RT for NPC is complicated by the proximity of these tumors to critical surrounding neural structures. It is challenging to achieve the required dose constraints to surrounding neural tissues while delivering the usual 70-Gy dose to the gross tumor, especially when the tumor comes into direct contact with these structures.

This case provides an example of response-adapted RT using imaging during treatment to shrink the high-dose target as the tumor shrinks away from critical surrounding structures.⁷ This strategy permits delivery of the maximum dose to the tumor while minimizing radiation dose, and therefore risk of toxicity, to normal surrounding structures. While it is typical to deliver 70 Gy to the full extent of tumor involvement for H&N tumors, this was not possible in this case as the tumor was in contact with the brainstem and upper cervical SC. Delivering the full 70 Gy to these areas of tumor would have placed this patient at substantial risk of brainstem and/or SC toxicity. This report demonstrates that response-adapted RT with shrinking fields can allow for tumor control while avoiding toxicity to critical neural structures for cases of locally advanced NPC in which tumor is abutting these structures.

Bony regeneration of the skull base following RT has been reported in the literature, but in limited reviews. Early reports used plain radiography to follow changes. Unger and colleagues demonstrated the regeneration of bone using skull radiographs 4 to 6 months after completion of RT for NPC.⁸ More recent literature details the ability of bone to regenerate after RT based on CT findings. Fang and colleagues reported on 90 cases of NPC with skull base destruction, with 63% having bony regeneration on posttreatment CT.⁹ Most of the patients in Fang’s report had bony regeneration within 1 year of treatment, and in general, bony regeneration became more evident on imaging with longer follow-up. Of note, local control was significantly greater in patients with regeneration vs persistent destruction (77% vs 21%, P < .001). On multivariate analysis, complete tumor response was significantly associated with bony regeneration; other factors such as age, sex, radiation dose, and chemotherapy were not significantly associated with the likelihood of bony regeneration.

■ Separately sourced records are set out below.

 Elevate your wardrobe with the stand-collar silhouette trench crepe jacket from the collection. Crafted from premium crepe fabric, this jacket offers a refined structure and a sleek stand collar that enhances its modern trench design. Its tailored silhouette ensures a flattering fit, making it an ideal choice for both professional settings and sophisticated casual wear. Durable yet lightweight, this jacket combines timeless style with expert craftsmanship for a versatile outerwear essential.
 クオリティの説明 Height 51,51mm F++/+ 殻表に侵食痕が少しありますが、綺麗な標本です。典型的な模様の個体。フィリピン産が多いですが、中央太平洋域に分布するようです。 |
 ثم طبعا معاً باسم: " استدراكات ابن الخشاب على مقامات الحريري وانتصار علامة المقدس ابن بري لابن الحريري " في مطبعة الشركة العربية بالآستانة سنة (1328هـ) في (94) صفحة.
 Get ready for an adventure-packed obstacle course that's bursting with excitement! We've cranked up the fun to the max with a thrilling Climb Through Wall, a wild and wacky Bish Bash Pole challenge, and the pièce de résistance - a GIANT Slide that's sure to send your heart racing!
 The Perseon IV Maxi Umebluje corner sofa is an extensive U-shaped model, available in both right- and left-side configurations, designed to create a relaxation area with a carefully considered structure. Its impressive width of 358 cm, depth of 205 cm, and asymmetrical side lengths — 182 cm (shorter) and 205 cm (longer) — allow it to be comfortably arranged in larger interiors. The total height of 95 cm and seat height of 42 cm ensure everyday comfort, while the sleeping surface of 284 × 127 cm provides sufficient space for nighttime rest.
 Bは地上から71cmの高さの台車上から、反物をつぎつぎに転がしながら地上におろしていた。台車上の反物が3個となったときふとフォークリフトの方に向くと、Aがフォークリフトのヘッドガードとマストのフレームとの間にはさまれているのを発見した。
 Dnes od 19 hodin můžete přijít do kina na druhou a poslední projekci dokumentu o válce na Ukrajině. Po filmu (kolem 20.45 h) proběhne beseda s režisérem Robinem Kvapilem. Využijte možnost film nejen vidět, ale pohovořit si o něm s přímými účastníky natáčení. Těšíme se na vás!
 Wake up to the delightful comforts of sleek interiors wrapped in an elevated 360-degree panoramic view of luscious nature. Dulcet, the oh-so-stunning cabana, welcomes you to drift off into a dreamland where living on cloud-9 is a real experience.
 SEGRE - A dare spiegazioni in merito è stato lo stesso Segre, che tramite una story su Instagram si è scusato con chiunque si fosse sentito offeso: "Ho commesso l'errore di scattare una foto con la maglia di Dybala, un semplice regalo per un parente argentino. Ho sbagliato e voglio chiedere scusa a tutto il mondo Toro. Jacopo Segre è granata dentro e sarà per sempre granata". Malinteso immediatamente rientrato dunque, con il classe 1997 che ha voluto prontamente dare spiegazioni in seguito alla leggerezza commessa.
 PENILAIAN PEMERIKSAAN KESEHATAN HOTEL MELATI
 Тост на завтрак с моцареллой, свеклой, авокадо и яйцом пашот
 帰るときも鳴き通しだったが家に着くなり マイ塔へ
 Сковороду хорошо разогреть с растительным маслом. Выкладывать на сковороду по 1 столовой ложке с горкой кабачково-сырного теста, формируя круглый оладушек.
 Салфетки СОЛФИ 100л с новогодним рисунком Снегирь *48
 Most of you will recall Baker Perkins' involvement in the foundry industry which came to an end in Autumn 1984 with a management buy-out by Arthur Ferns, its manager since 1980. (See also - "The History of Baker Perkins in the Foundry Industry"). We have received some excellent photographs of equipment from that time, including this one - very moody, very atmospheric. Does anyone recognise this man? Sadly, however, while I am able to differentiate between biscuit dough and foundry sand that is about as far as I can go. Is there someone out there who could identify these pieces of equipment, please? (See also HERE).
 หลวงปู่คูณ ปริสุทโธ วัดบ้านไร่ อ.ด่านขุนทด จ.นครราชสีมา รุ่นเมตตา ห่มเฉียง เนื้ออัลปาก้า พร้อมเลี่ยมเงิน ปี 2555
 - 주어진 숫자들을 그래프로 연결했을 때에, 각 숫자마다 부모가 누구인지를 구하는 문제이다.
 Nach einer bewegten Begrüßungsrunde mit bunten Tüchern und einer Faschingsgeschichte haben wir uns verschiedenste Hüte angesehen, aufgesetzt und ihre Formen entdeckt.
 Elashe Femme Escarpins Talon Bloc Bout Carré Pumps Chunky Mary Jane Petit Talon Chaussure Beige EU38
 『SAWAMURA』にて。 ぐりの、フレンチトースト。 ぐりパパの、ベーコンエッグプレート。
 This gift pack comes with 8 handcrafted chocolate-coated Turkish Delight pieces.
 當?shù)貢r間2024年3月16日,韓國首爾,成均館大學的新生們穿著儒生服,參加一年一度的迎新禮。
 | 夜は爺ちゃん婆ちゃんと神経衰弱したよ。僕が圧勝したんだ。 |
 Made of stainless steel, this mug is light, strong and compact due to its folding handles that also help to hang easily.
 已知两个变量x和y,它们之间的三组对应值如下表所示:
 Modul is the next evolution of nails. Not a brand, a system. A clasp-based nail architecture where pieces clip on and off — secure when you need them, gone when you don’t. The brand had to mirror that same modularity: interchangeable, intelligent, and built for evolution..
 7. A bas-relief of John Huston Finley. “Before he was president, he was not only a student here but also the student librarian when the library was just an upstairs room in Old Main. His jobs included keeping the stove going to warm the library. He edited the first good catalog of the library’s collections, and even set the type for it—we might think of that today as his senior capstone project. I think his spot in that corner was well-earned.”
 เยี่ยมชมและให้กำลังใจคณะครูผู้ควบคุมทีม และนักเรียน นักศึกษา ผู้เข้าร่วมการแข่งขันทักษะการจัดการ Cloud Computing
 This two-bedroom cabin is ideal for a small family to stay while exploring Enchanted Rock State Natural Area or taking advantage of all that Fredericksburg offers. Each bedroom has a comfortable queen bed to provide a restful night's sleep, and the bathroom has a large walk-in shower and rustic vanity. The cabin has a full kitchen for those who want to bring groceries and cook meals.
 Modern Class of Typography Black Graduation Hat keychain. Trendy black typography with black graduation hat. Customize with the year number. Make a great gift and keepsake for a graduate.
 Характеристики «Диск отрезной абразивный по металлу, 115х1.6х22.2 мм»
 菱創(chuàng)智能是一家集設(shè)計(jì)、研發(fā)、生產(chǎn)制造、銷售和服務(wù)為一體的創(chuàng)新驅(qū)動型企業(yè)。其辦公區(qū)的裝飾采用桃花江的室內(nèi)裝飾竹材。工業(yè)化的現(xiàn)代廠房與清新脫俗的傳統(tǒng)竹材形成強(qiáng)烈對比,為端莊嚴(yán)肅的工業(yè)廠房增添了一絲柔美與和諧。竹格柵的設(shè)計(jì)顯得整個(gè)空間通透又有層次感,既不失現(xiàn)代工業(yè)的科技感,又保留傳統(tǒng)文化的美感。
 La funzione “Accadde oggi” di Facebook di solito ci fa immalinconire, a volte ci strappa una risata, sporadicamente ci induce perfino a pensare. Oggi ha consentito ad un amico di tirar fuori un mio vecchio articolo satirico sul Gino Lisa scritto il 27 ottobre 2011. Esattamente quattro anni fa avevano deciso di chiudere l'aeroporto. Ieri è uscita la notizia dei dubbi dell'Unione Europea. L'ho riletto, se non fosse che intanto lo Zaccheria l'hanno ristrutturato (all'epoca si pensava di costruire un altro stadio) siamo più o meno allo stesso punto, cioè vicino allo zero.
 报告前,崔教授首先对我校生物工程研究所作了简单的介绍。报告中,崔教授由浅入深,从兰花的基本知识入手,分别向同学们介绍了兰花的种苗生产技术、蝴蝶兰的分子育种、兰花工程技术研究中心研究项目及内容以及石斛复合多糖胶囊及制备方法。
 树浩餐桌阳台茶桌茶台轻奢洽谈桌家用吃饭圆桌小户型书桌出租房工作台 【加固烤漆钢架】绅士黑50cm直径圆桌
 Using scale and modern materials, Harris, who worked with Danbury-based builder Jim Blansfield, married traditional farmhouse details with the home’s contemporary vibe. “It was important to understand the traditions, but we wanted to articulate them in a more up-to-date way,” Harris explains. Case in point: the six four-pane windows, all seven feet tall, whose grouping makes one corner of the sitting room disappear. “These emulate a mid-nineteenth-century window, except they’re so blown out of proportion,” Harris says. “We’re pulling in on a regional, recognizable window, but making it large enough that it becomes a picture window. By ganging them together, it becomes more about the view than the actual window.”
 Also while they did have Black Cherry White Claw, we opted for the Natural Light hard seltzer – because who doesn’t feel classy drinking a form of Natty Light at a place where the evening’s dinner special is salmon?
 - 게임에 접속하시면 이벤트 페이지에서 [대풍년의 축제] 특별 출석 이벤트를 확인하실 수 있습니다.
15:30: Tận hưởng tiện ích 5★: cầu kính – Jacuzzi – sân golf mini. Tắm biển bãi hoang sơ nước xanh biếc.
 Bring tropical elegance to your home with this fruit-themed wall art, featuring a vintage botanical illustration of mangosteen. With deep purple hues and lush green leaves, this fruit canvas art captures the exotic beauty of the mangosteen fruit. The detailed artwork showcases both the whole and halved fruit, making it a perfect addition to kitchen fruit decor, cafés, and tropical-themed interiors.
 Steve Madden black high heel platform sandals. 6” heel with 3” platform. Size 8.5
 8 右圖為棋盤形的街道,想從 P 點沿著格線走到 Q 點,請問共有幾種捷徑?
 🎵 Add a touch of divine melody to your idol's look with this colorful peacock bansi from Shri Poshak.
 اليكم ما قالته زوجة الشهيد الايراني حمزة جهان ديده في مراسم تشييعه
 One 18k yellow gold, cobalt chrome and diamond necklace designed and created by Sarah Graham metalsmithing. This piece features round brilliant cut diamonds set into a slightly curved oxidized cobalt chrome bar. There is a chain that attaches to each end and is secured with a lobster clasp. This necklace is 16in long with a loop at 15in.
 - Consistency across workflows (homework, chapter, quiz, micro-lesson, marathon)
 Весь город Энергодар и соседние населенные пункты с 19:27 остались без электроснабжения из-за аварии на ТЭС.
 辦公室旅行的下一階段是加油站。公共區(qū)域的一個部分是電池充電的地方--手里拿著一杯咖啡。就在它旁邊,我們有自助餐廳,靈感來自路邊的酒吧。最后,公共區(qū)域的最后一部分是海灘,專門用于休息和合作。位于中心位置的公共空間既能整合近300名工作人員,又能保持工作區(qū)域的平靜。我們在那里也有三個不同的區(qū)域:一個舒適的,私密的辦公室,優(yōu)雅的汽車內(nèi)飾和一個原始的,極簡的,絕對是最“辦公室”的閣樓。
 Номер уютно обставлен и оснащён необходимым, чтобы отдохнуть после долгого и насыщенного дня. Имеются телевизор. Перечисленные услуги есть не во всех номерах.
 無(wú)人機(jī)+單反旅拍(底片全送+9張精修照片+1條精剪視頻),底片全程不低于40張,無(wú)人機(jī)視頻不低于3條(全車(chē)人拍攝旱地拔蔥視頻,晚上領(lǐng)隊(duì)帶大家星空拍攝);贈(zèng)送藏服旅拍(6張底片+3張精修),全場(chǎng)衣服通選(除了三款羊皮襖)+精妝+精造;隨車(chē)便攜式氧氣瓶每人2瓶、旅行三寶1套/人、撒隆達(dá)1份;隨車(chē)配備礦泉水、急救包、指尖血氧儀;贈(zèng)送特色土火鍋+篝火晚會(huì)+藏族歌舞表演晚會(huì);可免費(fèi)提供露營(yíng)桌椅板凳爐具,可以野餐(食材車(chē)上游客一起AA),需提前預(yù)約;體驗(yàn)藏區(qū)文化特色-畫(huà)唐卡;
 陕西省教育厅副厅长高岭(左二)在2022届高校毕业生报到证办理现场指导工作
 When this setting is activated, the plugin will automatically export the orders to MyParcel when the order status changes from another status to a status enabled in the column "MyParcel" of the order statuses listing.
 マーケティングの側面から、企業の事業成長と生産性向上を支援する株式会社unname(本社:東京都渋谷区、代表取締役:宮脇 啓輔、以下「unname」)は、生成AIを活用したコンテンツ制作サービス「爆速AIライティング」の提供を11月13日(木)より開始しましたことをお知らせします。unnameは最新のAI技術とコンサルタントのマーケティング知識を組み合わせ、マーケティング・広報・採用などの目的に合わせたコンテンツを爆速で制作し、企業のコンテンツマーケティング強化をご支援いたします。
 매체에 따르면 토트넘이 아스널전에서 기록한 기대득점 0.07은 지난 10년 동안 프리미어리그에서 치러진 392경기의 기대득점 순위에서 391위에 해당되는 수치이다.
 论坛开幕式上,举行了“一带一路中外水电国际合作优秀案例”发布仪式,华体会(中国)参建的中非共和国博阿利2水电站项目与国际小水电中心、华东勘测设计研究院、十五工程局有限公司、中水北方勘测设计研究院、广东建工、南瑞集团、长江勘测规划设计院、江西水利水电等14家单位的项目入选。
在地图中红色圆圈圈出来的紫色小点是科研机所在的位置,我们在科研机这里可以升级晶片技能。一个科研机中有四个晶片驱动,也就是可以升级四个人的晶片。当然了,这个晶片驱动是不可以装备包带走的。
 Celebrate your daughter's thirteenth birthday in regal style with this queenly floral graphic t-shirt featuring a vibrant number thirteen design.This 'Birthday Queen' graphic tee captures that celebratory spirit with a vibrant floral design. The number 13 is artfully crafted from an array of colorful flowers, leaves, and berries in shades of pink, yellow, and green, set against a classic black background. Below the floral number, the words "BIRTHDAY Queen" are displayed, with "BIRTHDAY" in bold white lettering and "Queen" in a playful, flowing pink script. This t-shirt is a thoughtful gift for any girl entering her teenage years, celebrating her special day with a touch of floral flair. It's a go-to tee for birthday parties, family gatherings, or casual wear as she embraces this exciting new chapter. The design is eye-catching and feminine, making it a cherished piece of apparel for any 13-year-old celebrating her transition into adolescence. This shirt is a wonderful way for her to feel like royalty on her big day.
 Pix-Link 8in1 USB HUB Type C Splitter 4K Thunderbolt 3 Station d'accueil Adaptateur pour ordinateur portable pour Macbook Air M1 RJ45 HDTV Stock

Our report details a nasopharyngeal tumor that destroyed the skull base with no intact bony barrier. In such cases, concern arises regarding craniospinal instability with tumor regression if there is not simultaneous bone regeneration. Tumor invasion of the skull base and C1-2 vertebral bodies and complications from treatment of such tumor extent can lead to symptoms of craniospinal instability, including pain, difficulty with neck range of motion, and loss of strength and sensation in the upper and lower extremities.¹⁰ A case report of a woman treated with chemoradiation for a plasmacytoma of the skull base detailed her posttreatment presentation with quadriparesis resulting from craniospinal instability after tumor regression.¹¹ Such instability is generally treated surgically, and during this woman’s surgery, there was an injury to the right vertebral artery, although this did not cause any additional neurologic deficits.